Ephemera, 2/12/19

1

Apropos of gazing on the Jeff Bezos crotch selfies and suchlike, past and future:

[H]aving a gander at the daily catch of ill-gotten erotica seems hard to fit into any preexisting category of wrongdoing. After all, looking at it doesn’t make you responsible for the initial invasion involved in stealing it. Not looking at it won’t put it back where it was, so to speak: What’s public is relentlessly public. Looking also doesn’t mean you have to participate in any kind of public shaming or pile-on. So what’s the harm in simply knowing what somebody texted to somebody else?

When it comes to viewing leaked sexual ephemera, the knowing is its own harm. This doesn’t necessarily count for every kind of secret; being aware of somebody’s private dislike of a mutual friend, for instance, doesn’t represent the same kind of violation as having ungranted sexual knowledge of them, because sex is different from other things. The exclusivity, the secrecy, that’s all part of the point — they’re the essential ingredients of intimacy. And simply knowing the details without invitation jeopardizes that.

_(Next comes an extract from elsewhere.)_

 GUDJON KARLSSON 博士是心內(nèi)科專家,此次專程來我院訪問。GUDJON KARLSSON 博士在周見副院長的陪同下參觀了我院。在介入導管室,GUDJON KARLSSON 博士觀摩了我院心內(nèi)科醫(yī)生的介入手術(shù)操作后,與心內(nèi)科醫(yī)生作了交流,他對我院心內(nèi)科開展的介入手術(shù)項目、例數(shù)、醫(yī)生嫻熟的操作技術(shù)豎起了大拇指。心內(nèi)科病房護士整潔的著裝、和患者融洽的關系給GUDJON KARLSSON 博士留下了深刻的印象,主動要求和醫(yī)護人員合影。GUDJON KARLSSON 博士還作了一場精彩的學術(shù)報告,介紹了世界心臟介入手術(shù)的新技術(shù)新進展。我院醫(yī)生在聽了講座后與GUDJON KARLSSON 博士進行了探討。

Elizabeth Breunig. This principle can be extended to pornography generally, but I won’t go there just in case some reader believes in “ethically-sourced porn.”

2

For over 50 years, the Democratic Party has carried the banner of racial and gender equality, and all the more so during the Trump era. In contrast to an increasingly dystopian Republican Party, Democrats from the left and the center have united behind an idealistic image of their party as a rainbow coalition of resistance against racism and sexism.

The last 10 days in Virginia have thrown all of that into disarray — and demonstrated that political power will always trump political idealism.

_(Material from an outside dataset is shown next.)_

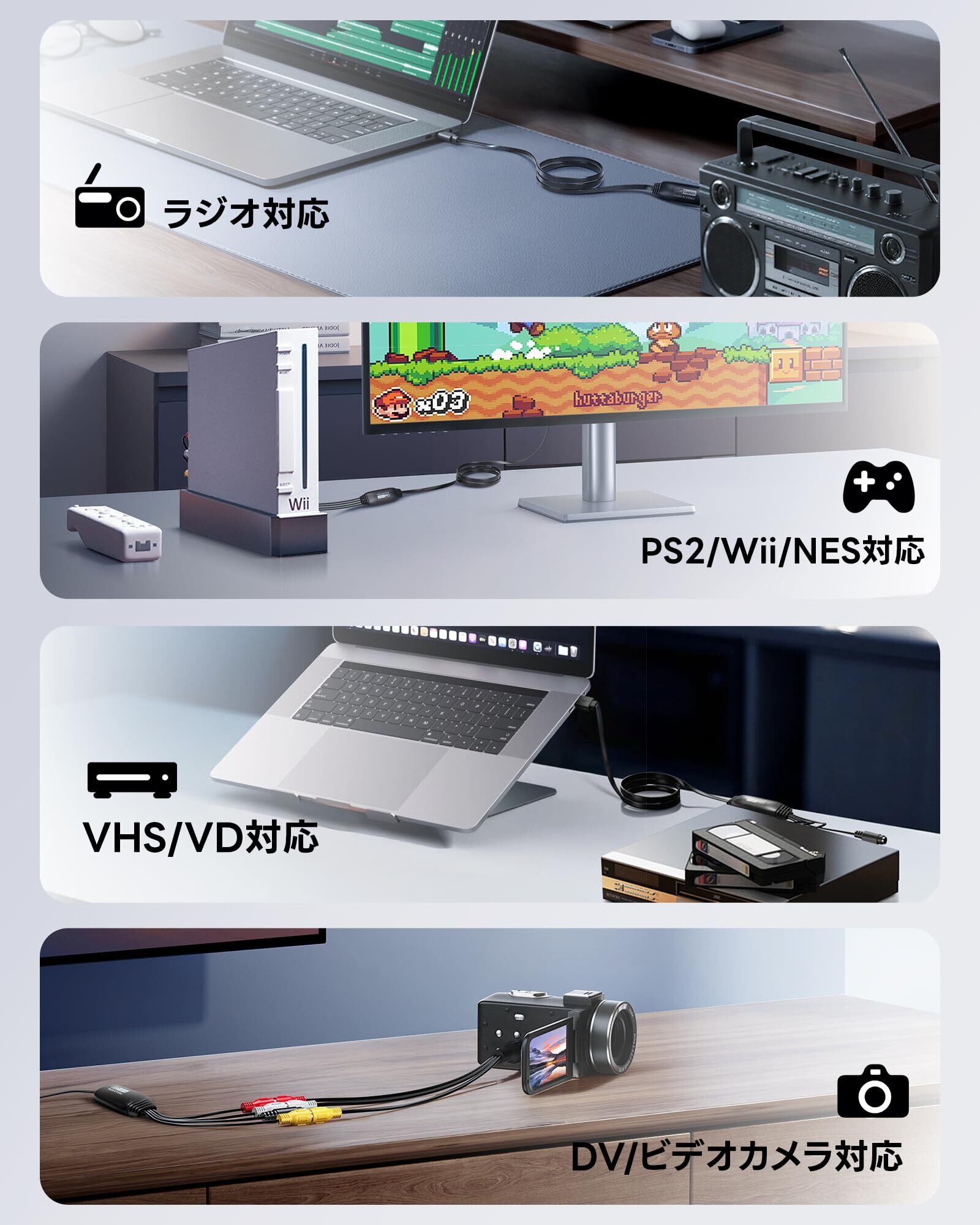 「USB2.0接続によるシンプルなプラグアンドプレイ設計で、WindowsおよびMacに対応。特別なドライバをインストールせずにすぐに使用できます。映像の取り込みや編集が スムーズに行えるため、初心者でも安心です!」

For the Democratic Party, the recent series of blackface and sexual assault scandals at the top of the state’s leadership at first seemed like a moment for a thorough house cleaning. By the standards of an institution that has recently redefined itself in part by what Donald Trump and the Republicans are not, we would expect Democratic politicians to call for everyone’s resignation. Racism should have no quarter in the Democratic Party. Neither should sexual assault.

But reality, as the party is once again learning, is never that simple, especially where power is involved.

Leah Wright Rigueur

Note the tacit admission: It was never about purity. It was always about political posturing (and, thus, pursuing power).

I’m especially amused that “an assistant professor of public policy at the Harvard Kennedy School of Government” should find herself bereft of enough insights to populate a guest column without repeating the same points in very thin disguise.

3

Identity politics is the key to understanding the ACLU’s apparent change of heart. The antiboycott laws the ACLU has defended are meant to protect gays and lesbians, an identity group they favor. The ACLU acknowledges that in many states it is “legal to fire or refuse to hire someone based on their sexual orientation,” but argues that companies that do so “must not be allowed to do so with taxpayer dollars.” It inexplicably ignores that the logic of those antiboycott laws applies equally to Israel.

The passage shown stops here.